- DATA EXCERPT:

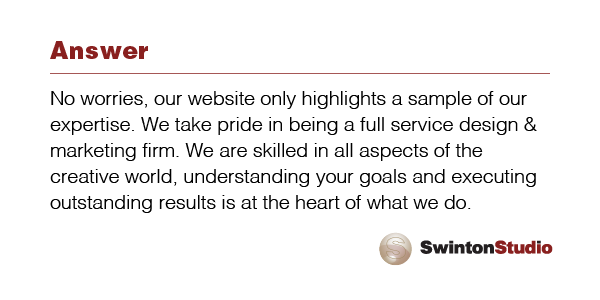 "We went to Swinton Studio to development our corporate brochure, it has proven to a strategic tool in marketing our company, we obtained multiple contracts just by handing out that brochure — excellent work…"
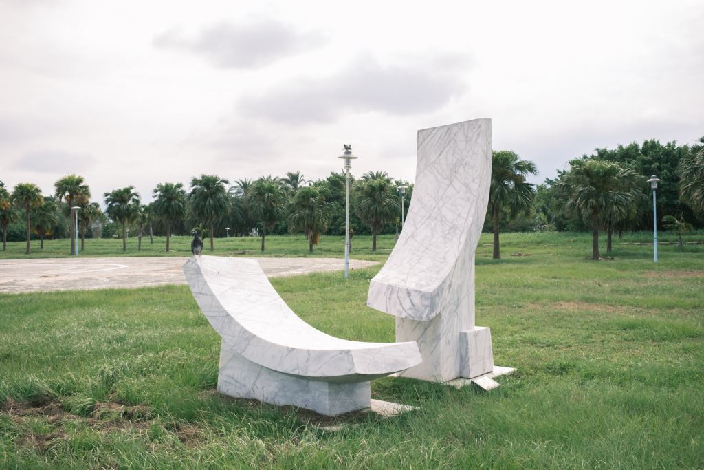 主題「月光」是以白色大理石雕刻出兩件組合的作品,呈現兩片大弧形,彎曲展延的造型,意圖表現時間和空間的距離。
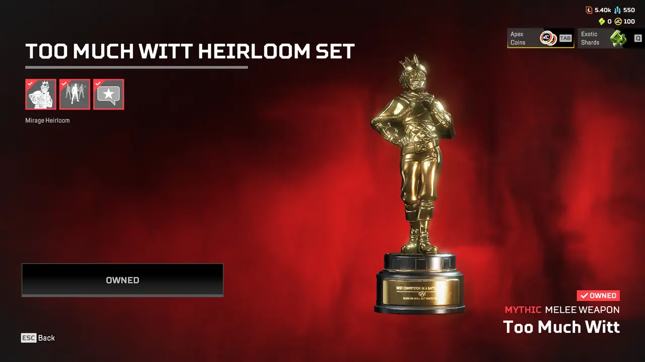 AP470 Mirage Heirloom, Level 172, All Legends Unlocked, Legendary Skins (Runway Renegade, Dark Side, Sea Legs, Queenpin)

- DIRECTIONS FOR THIS TASK: Ignore the images and quote every line of the listing exactly.

- EXERCISE RESULT:
 "We went to Swinton Studio to development our corporate brochure, it has proven to a strategic tool in marketing our company, we obtained multiple contracts just by handing out that brochure — excellent work…"
 主題「月光」是以白色大理石雕刻出兩件組合的作品,呈現兩片大弧形,彎曲展延的造型,意圖表現時間和空間的距離。
 AP470 Mirage Heirloom, Level 172, All Legends Unlocked, Legendary Skins (Runway Renegade, Dark Side, Sea Legs, Queenpin)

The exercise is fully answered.